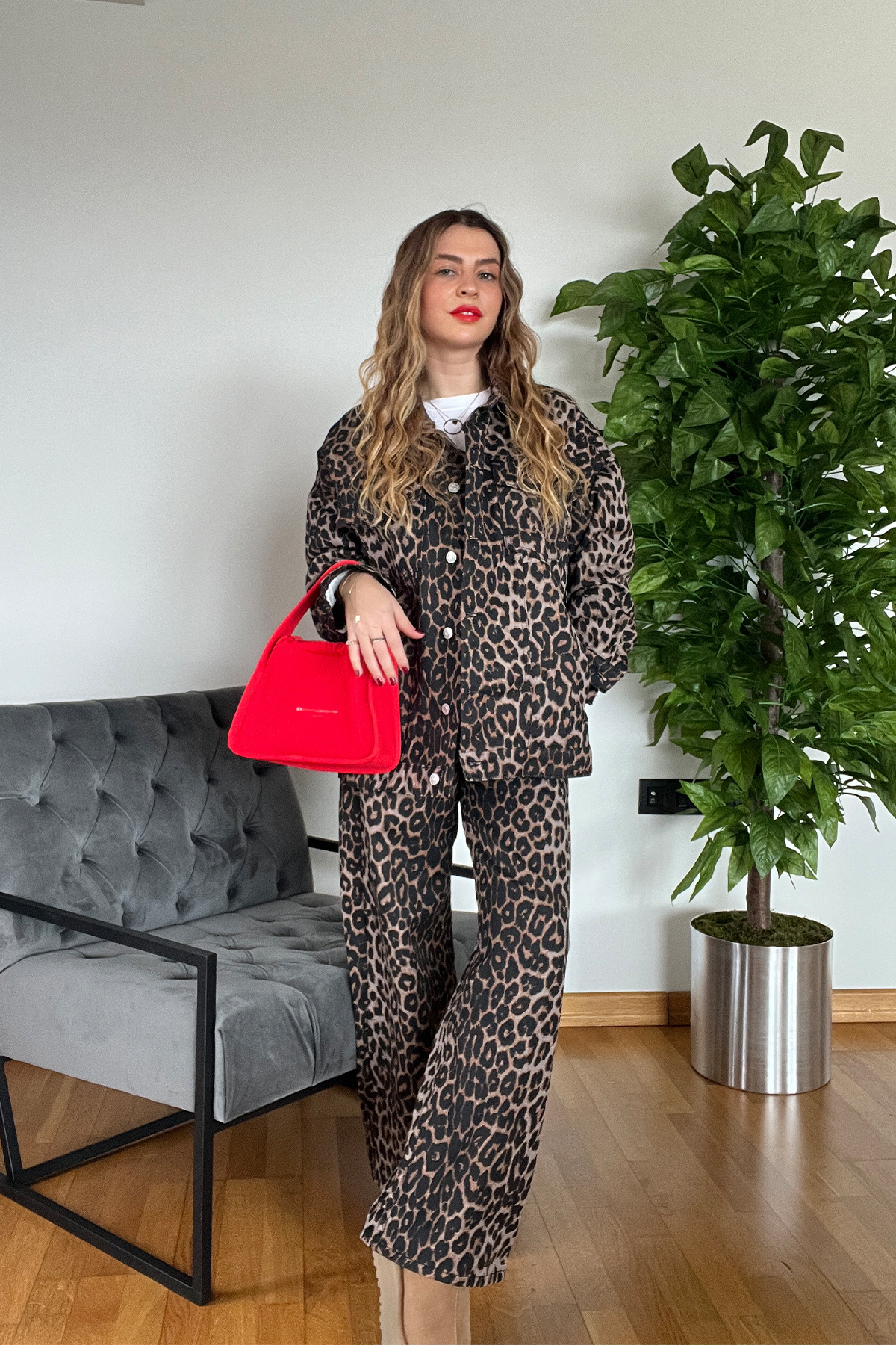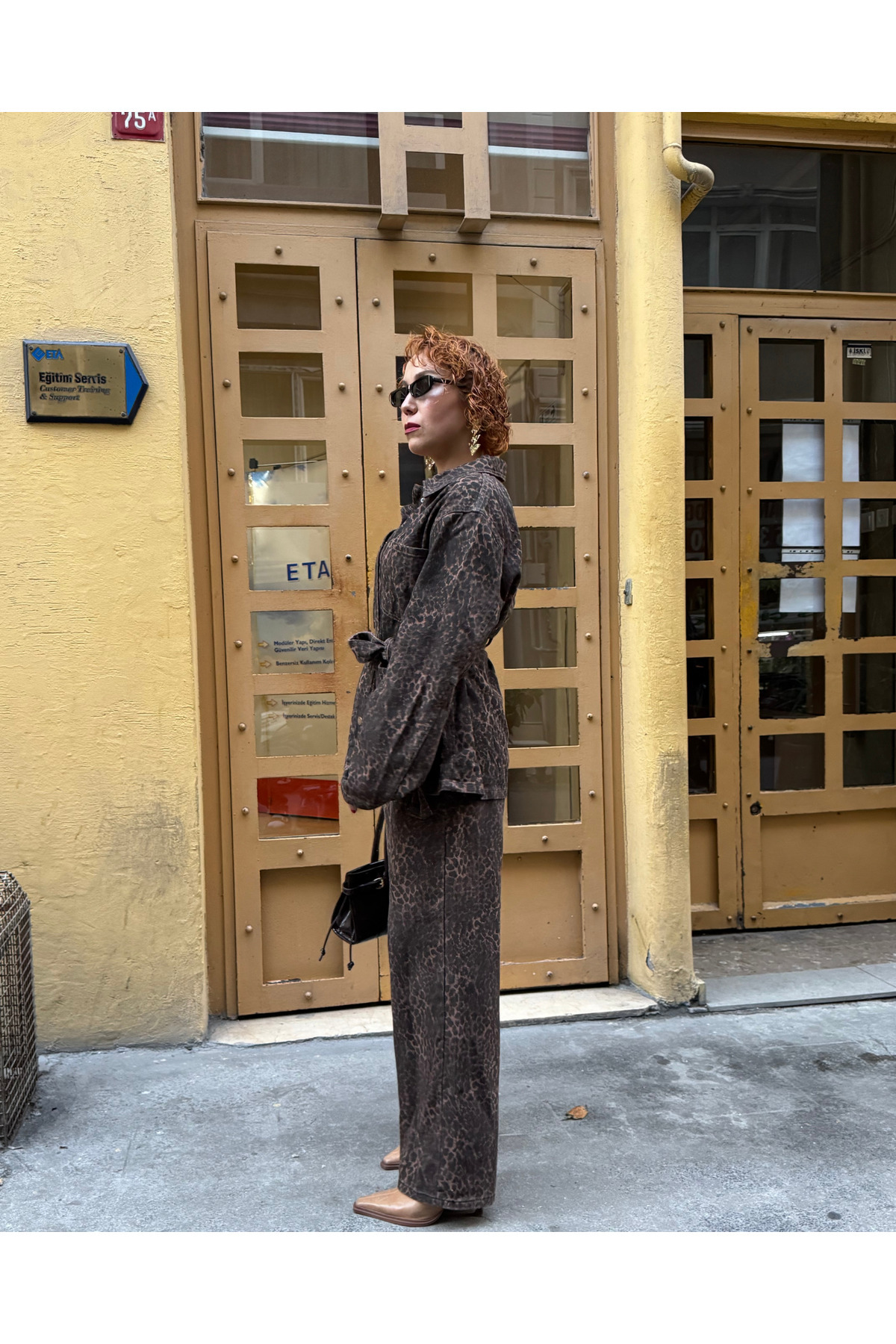 Premium Denim Leopar Desenli Ceket-Pantolon 2'li Denim Kot Takım Premium Denim Leopar Desenli Ceket-Pantolon 2'li Denim Kot Takım Leopar Desenli Ceket-Pantolon Noktur L
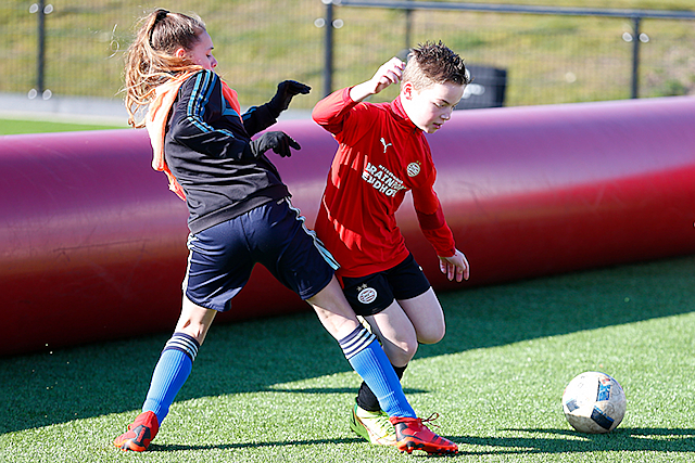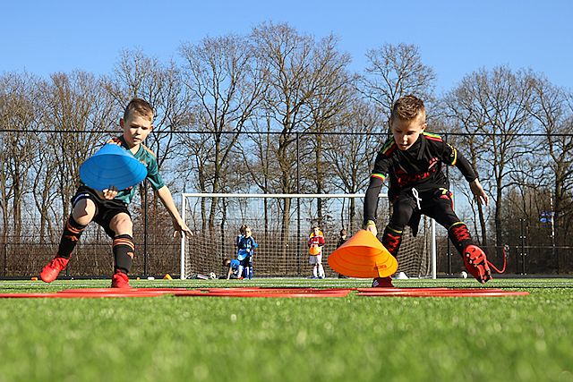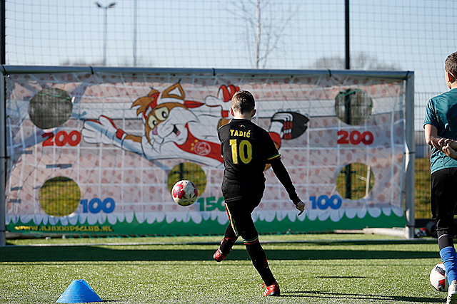 Lekker voetballen met een paar honderd andere Ajaxsupportertjes bij je eigen club. Dat is de Ajax Kids Tour, powered by ABN-Amro. Ook op bezoek bij EGS’20 deden de Ajaciedjes onder begeleiding van professionele trainers een heleboel voetbalspelletjes.
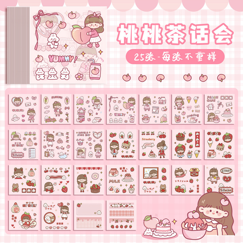 수첩 스티커 소녀 어린이 수첩 스티커 투명 스티커 세트 100장 만화 물컵 귀여운스토어 가기

> [Problem details] Your answer should consist solely of the lines from the one holding "Lekker voetballen met" through the end of the listing, reproduced exactly and without pictures.

> [Solution below]
 Lekker voetballen met een paar honderd andere Ajaxsupportertjes bij je eigen club. Dat is de Ajax Kids Tour, powered by ABN-Amro. Ook op bezoek bij EGS’20 deden de Ajaciedjes onder begeleiding van professionele trainers een heleboel voetbalspelletjes.
 수첩 스티커 소녀 어린이 수첩 스티커 투명 스티커 세트 100장 만화 물컵 귀여운스토어 가기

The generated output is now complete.